The day that everything changed forever

March 5th, 2020.  It was a Thursday.  I woke up at 5:58 am like I do every work day.  I brushed my teeth and went downstairs, poured myself a bowl of cereal, but instead of eating it immediately, I went to let the dogs outside, because I like my cereal a little bit soggy.  I prepared my wife’s breakfast smoothie, like I had done over the last two weeks, because she wanted to switch things up from the bacon, egg and cheese English muffins that I’d been making her every morning for the last month prior.

Mythical wife and I left for our respective jobs, and as is always the case, I went straight to the gym first.  This was a cardio day, where I spend my entire time running on the treadmill.  6.9 speed, no incline, for 20 minutes, and then I push it over the last five, before giving myself a five minute cool down and then hitting the showers.  I always think twice about what I change into after cardio days, because I tend to keep sweating even after a shower after doing cardio.

Afterward, I return my gym bag to my car and head up to the office, as is the norm every single working day.  I plop down at my desk and feel the existential dread of the inevitable emails of people pointing out my flaws as a worker or people in other departments making their problems become my problems, and then I contemplate why I stay with this company before realizing how much worse I could have it elsewhere, and then try to think positively about my reports and the people I work with as bright points in an otherwise deteriorating opinion of my job.
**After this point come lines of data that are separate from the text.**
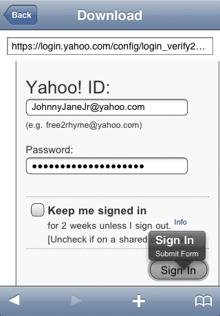 - On the Yahoo! Briefcase sign-in page, enter your Yahoo ID and password,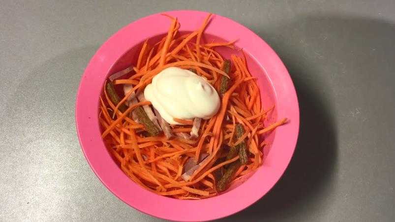 - В миске смешать фасоль, колбасу, сыр, свежие и соленые огурцы, морковь и яйца. Заправить майонезом и перемешать (солить необязательно).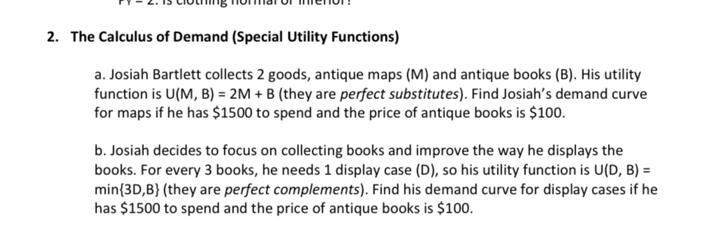 Solved The Calculus of Demand (Special Utility Functions)a. | Chegg.com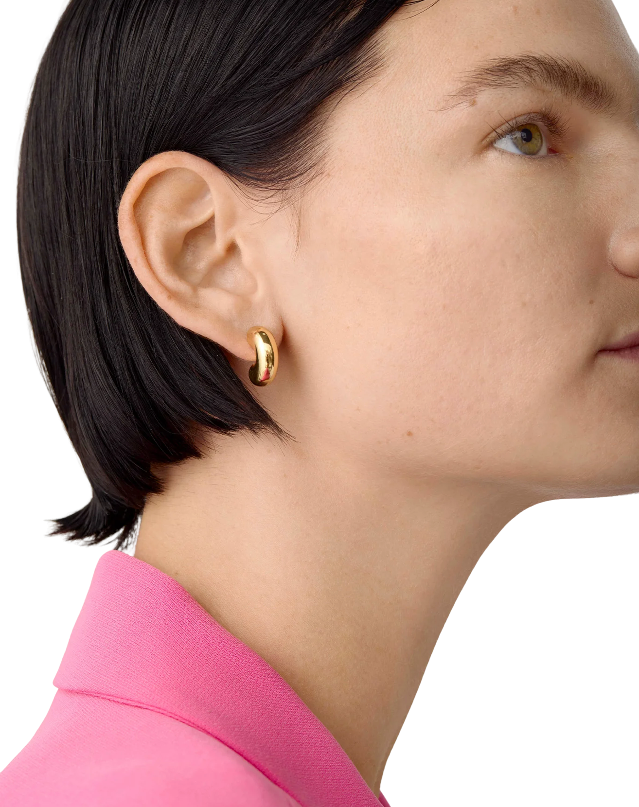 A tubular, chubby hoop with rounded ends and a custom JB ball backing. Finished in high-polish gold and silver.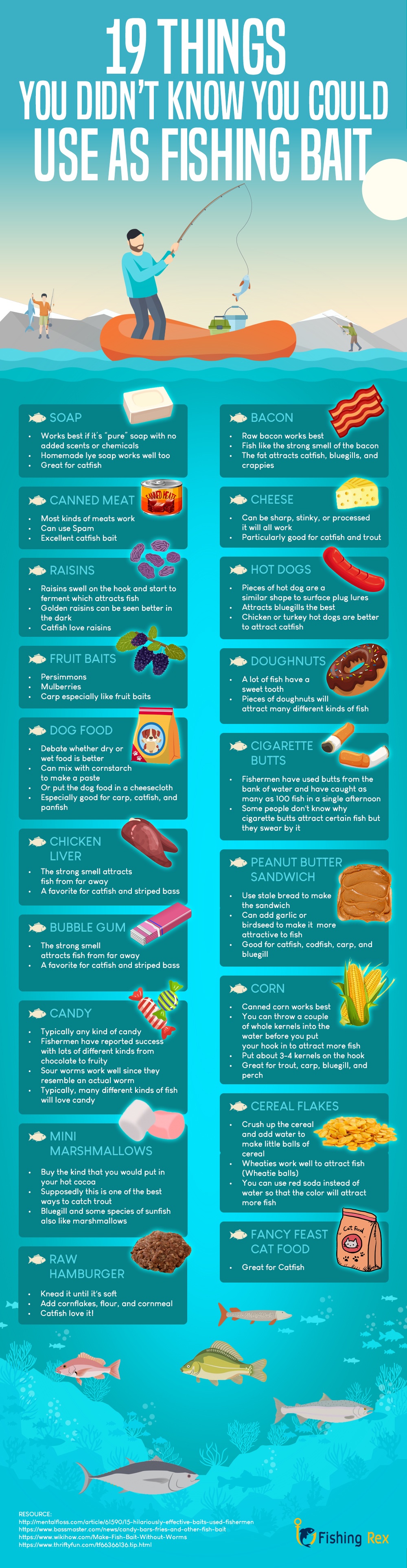 <p><strong>Please include attribution to https://www.fishingrex.com with this graphic.</strong><br /><br /><a href=’https://www.fishingrex.com/19-things-you-didnt-know-you-could-use-as-fishing-bait/’><img src=’https://www.fishingrex.com/wp-content/uploads/2019/03/19-Things-You-Didn’t-Know-You-Could-Use-as-Fishing-Bait.jpg’ alt=’19 Things You Didn’t Know You Could Use as Fishing Bait’ width=’1000px’ border=’0′ /></a></p>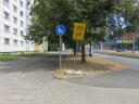 ♦ Da kann man ja schon fast dankbar sein, dass da noch die Bake steht. Da ignoriert man auch gern, dass man da illegal den Gehweg befahren muss. (Oder man hält an, steigt ab und schiebt. Ja, wirklich!)

But more importantly, I set out to tackle my biggest concern of the day: how to get more 10K eggs in Pokémon Go.  I had made a point to use a bunch of incubators to hatch away several 5K eggs, because 5K eggs are like herpes in which you get saddled with them, and there’s no way to get rid of them, except for getting them to hatch.  They hog up your limited inventory and prevent you from getting the more coveted 10K eggs.  I had cleared up four valuable eggs slots, and wanted to figure out if there were any way to hedge my bets and get 10K eggs in their stead.  I searched on the internet and I asked the community on the work’s Slack channel because there are a few hardcore types who work for the company.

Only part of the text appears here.